In a previous question of the problem, I found that:
a.b = 2
a x b = (-5, 2, 3)
|a| = √(14) ≈ 3.74
|b| = √(3) ≈ 1.73

So far, our class has been mentioning vector addition, multiplication by a real number, components of a vector, scalar product, vector product, as well as diverse properties of the operations I just listed (commutativity, distributivity, associativity and homogeneity).

The Attempt at a Solution



My problem here is that the angle between the vectors is not given in the problem.
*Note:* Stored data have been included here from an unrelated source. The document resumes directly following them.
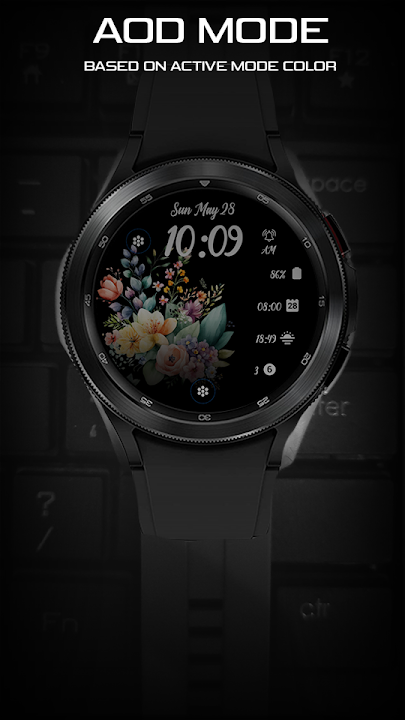 带有春天花朵插图的数字表盘。适用于 Wear OS 智能手表。特征 :
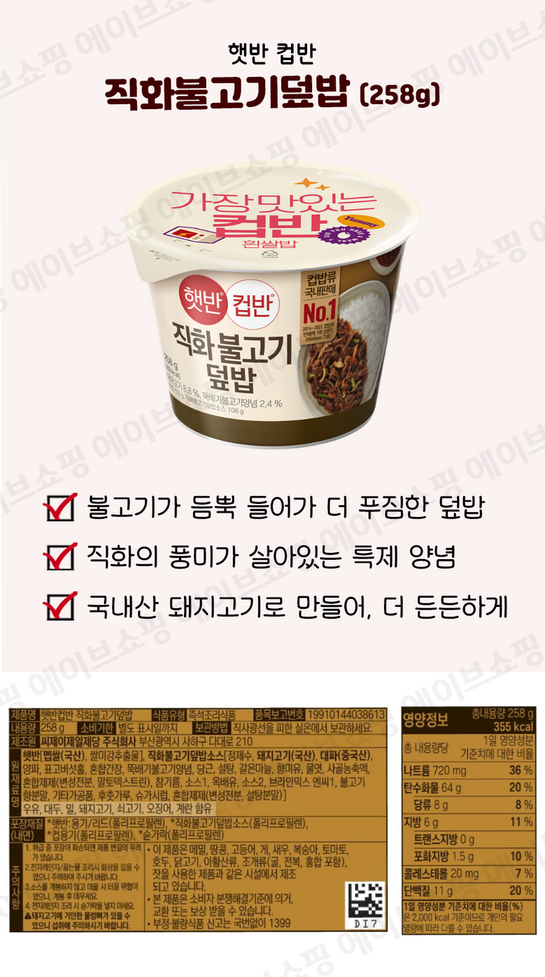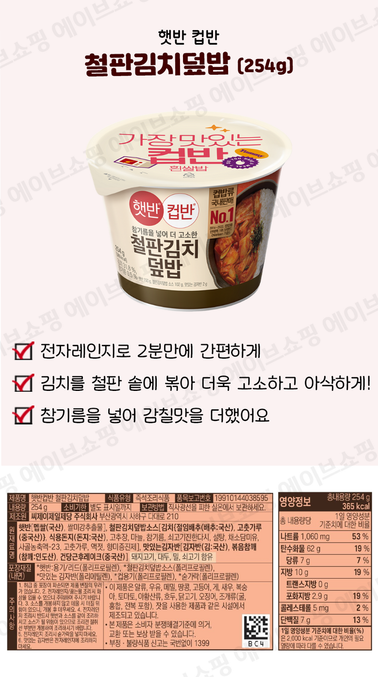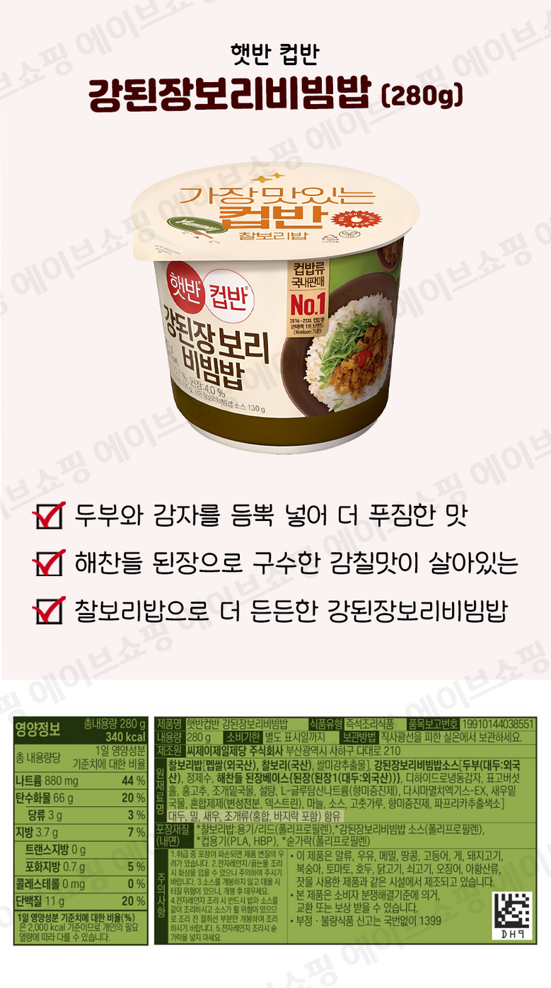 | 제조연월일, 소비기한 또는 품질유지기한 | 상품 상세페이지 참조 | 세부 품목군별 표시사항 | 상품 상세페이지 참조 |
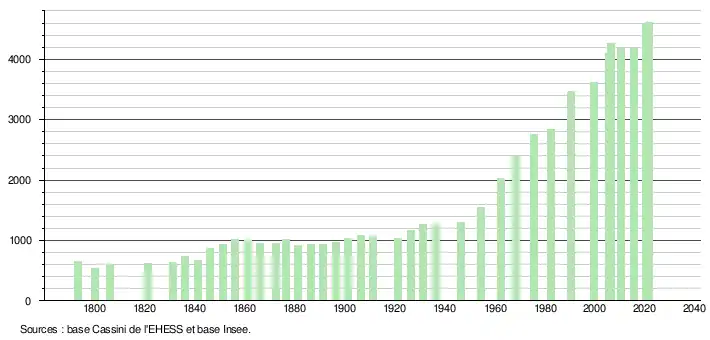 L'évolution du nombre d'habitants est connue à travers les recensements de la population effectués dans la commune depuis 1793. Pour les communes de moins de 10 000 habitants, une enquête de recensement portant sur toute la population est réalisée tous les cinq ans, les populations légales des années intermédiaires étant quant à elles estimées par interpolation ou extrapolation[33]. Pour la commune, le premier recensement exhaustif entrant dans le cadre du nouveau dispositif a été réalisé en 2005[34].
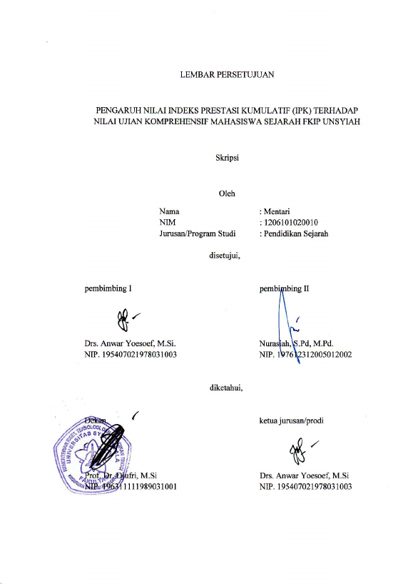 Mentari, PENGARUH N1LAIINDEKS PRESTASIKUMULATIF (IPK) TERHADAP NILAIUJIAN KOMPREHENSIF MAHASISWA SEJARAH FKIP UNSY1AH. Banda Aceh Universitas Syiah Kuala,2018

I found several ways to calculate it with the use of arccos, but since that was not yet mentioned in my class, I am reluctant to use it.

What I know so far is that:
(I'll call ∂ the angle between a and b)
a1 = |a| cos ∂
a2 = |a| sin ∂
a1 x b = 0 (because a1 and b are parallel, their cross product is equal to 0)
a2.b = 0 (because a2 and b are perpendicular, their scalar product is equal to 0)
since a.b = |a|.|b|.cos ∂, I also find that cos ∂ = 2/√(14).√(3) ≈ 0.31
I also know that a = √(a1^2 + a2^2) since the angle between a1 and a2 is π/2 rad.

What am I missing to solve this problem? I just started a program of physic after many years without maths, so I need to refresh a bit :)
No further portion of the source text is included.